5.2.1.1 Aide informelle

Selon les répondantes, cette aide informelle est fournie par le réseau social immédiat et provient en grande partie des membres de la famille, des enfants, du conjoint ou des amis.

« Oui (souriante), j’ai de l’aide de ma fille. » (Proche 1)

« Mon conjoint me disait toujours, focus sur tes parents. Il y a juste ça qui est important, le reste on oublie ça, ce n’est pas ça. Tu t’occupes de tes parents. » (Proche 4)

« [...] vous savez moi je dis toujours c’est pour ça que j’ai mon groupe de soutien. Mon groupe de soutien c’est mes amis, c’est mes enfants, ma famille. » (Proche 3)

De plus, l’aide informelle est offerte spontanément. Pour les proches-soignantes rencontrées, elle est venue naturellement et sans qu’aucune demande ne soit formulée.
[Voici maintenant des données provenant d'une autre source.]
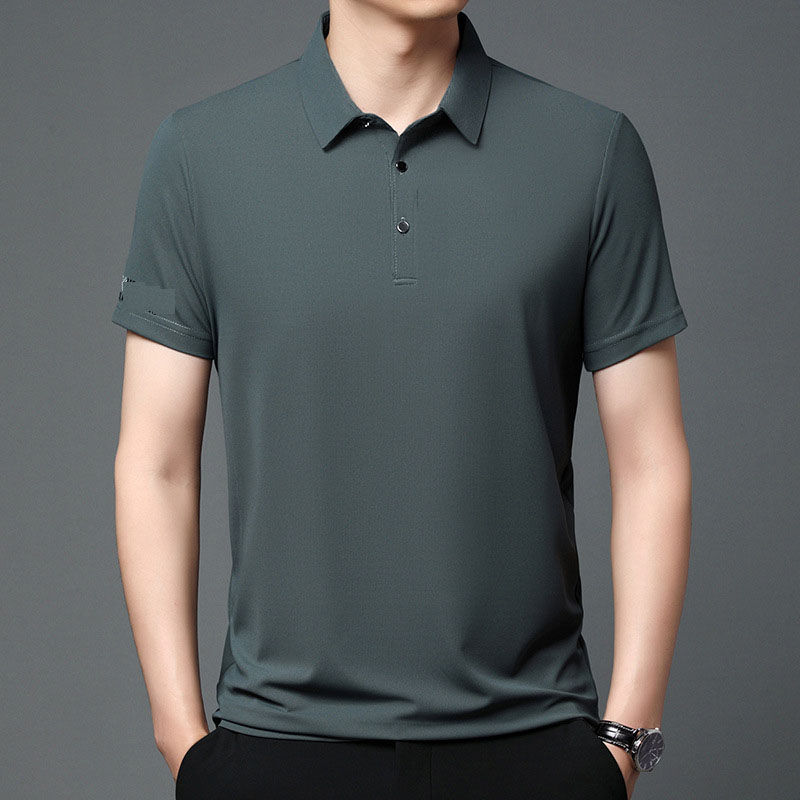 OEM Custom Logo Summer Men's Shirt Short Sleeve Lapel Knit Sweater Slim Fit Korean Style Tops ice silk t shirt polo shirt

Comme le démontrent les extraits suivants, l’aide offerte par l’entourage est dite régulière et rapide.

« Heu, (Soupir) Je ne l’ai pas vraiment demandé, c’est venu pas mal... c’est venu d’elle (sa fille) et je l’ai accepté. Je ne suis pas quelqu’un qui demande beaucoup il faut dire, mais ça c’est parce qu’elle venait ici d’une façon régulière et puis assez vite. »

(Proche 1)

« Comment j’ai fait pour recevoir de l’aide? Bien, je dirais que c’est un peu naturel. Mon conjoint c’est quelqu’un dont la famille c’est important pour lui. Heu, il peut y avoir des conflits de temps à autre, mais dès qu’il y a un problème tout le monde se rallie derrière et puis ça tient vraiment de sa famille à lui de faire ça. Donc, c’est normal d’avoir cette aide là. » (Proche 4)
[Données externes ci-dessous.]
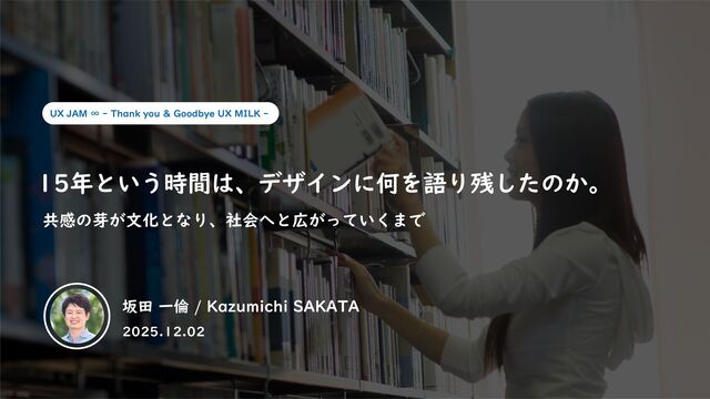 「UX JAM ∞ - Thank you & Goodbye UX MILK -」に登壇したときの資料です。

L’aide informelle offre par ailleurs un soutien instrumental au quotidien et elle prend différentes formes. De l’accompagnement, de l’aide quotidienne dans l’entretien du domicile et la préparation des repas, ainsi que du soutien émotif et financier sont offerts aux proches-soignantes et ce, avant le recours aux services formels.

À priori, l’aide informelle offerte aux proches-soignantes résulte de l’initiative des membres de l’entourage et de la famille. Pourtant, au gré de l’évolution de la situation, il arrive que les proches-soignantes formulent des demandes à leur réseau. Toutefois, peu ou pas de demandes sont formulées et lorsque tel est le cas, elles sont ponctuelles et concernent l’accompagnement ou le gardiennage de l’aîné. L’analyse des entretiens effectués dévoile que les proches-soignantes formulent peu de

demandes à leur entourage parce qu’elles sont conscientes des désagréments que l’implication auprès de l’aîné risque d’engendrer.

« Donc j’avais téléphoné [à son fils] et il avait accepté, des fois oui des fois non. [...] J’avais demandé pour des rendez-vous médicaux, mais des fois un de ses enfants m’a dit : « bien écoute je suis à l’extérieur, donc je ne pourrai pas, je travaille ». L’autre me dit : « bien j’ai un rendez-vous de travail ou je suis sur une liste de rappel » et l’autre est dans une autre ville. Donc ça c’était... On ne peut pas compter beaucoup avec ça ». » (Proche 2)

« [...] elle (fille) vient un soir par semaine et si par hasard il y avait un autre soir, je lui demande toujours si c’est possible parce qu’elle a ses choses elle aussi. » (Proche 1)

« Je ne l’ai pas demandé parce que je sais le suivi. Voyez-vous, Caroline l’a vu, il faut beaucoup de dévouement, il faut beaucoup de générosité. Je sais ce que ça implique, je ne demanderais pas à ma sœur parce que je lui compliquerais la vie bien gros. » (Proche 3)

Ainsi, les données recueillies démontrent que les proches-soignantes recevaient de l’aide de la part de leur entourage avant de recourir aux services formels. Cette aide instrumentale, provenant du réseau informel, les a soutenues dans leur rôle et dans leur engagement auprès de l’aîné. Or, l’implication de l’entourage va bien au-delà du soutien instrumental. Comme on le verra plus loin, les témoignages recueillis démontrent que l’entourage est également impliqué dans le processus de recours aux services formels.